The Tribunal ruled that the anonymised sexual offences data, allied to information already available to the public, amounted to personal data that is exempt from disclosure under FOI and data protection laws.

"Section 16 of the Sexual Offences Act 2003, abuse of a position of trust, is an offence for which there are relatively rare convictions," the Tribunal said in its ruling. "As such, it is a matter of common knowledge that the disputed information will contain low figures."

"The Tribunal has considered both the disputed information and the 'other information' and is satisfied that a living individual can thereby be identified and that therefore the disputed information is 'personal data' to which the Data Protection Act applies," the ruling said.

"The Tribunal took into account that the Torbay schools area covered 42 local authority schools and a number of private institutions but considered that, given the   low number of section 16 convictions, this should be viewed as a relatively small geographic area," the ruling said. "The Tribunal was satisfied that information existed in the public domain which made identification possible. The Tribunal was further satisfied that the disputed information was sensitive personal data ... being clearly information as to a data subject’s sexual life (this being a matter relating to sexual offences) and the commission of offences."
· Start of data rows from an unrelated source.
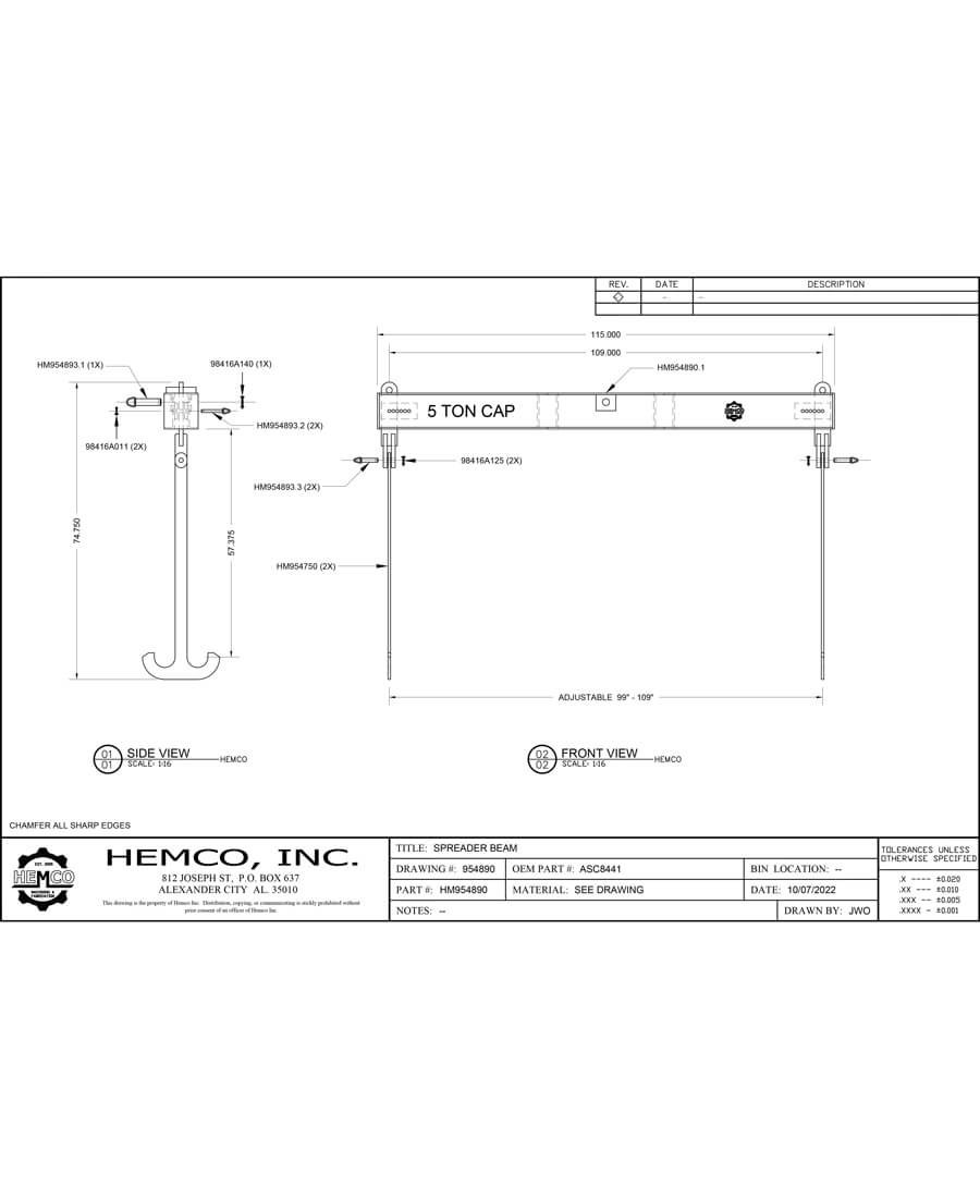 HEMCO All steel spreader beam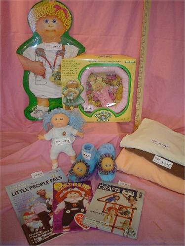 "Cabbage Patch" Assortment: 1) Cabbage Patch Kids Pin-Ups #3934, New, Never opened. 2) Blue Cabbage Patch Slippers. 3) Cabbage Patch Doll. 4) Box of Cabbage Patch Sewing Necessities. 5) Cabbage Patch Kids Romper
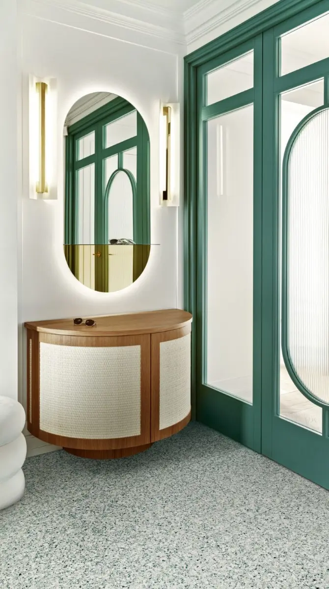 W zależności od tego, jaki chcemy otrzymać efekt, czy bardziej wyrazisty, czy stonowany, wybierzemy mniej lub bardziej nasycony kolor przewodni. W przypadku kolorowego lastryko najlepiej wyodrębnić jeden z kolorów występujących na płytce i uznać jako barwę drugorzędną (jak w przypadku poniższej aranżacji – butelkowa zieleń) lub wprowadzić obrany ton jedynie w formie detali. Ważne, aby wszystkie kolory stanowiły spójną kompozycję.

Smith had argued that even if the ICO had been right to find the information she was seeking was sensitive personal data the watchdog had still been wrong to rule that it was "unfair" or in breach of a principle of UK data protection laws to do so.

Under the Data Protection Act organisations must process personal data fairly and lawfully. Sensitive personal data, including information about someone's sexual life or "the commission or alleged commission by him of any offence", should not be processed unless under strict conditions. However, a Data Protection (Processing of Sensitive Personal Data) Order does specify conditions in which organisations can legally disclose sensitive personal data.

Under the Order sensitive personal data can be disclosed if it is in the "substantial public interest" to do so, and as long as the information "is in connection with the commission by any person of any unlawful act (whether alleged or established)", or connected to a number of other acts. The information must also be for a "special purpose", which includes for journalistic, artistic or literary purposes. Finally, the organisation must also consider that the data may be published so should "reasonably believe" that publication would be in the public interest.

The Tribunal said that, whilst there was "public interest in disclosure" of the data on sexual offences, there was not the "substantial public interest" required for the information to be disclosed.

"The evidence falling within the relevant period, did not substantiate a widespread concern as to the subject matters of the letter of request, a prevalence of sex offender activity in the schools in the Torbay area or of police incompetence or neglect in following this up," the Tribunal ruling said.

"It was not enough, in the Tribunal’s view, that sexual offences by teachers or others in positions of trust was a matter of keen interest to the public.  This, on its own, did not make disclosure 'in the substantial public interest'," it said.

The Tribunal said it had weighted the "wholly understandable concerns" of the public around child sex offences against "the detrimental effects that disclosure could have," citing the chances of "vigilantism" occurring which may cause individuals to "disappear". The Tribunal also said that the public's "need for reassurance was not as necessary or compelling" as Smith had argued because the information she wanted to be released was already contained as part of other sex offender statistics that had already been published.

"The Tribunal felt overall, although it did consider this to be a finely balanced judgement, that the outstanding answers to the letter of request would be more a matter 'of interest' to the public than disclosure 'in the substantial public interest'," the ruling said.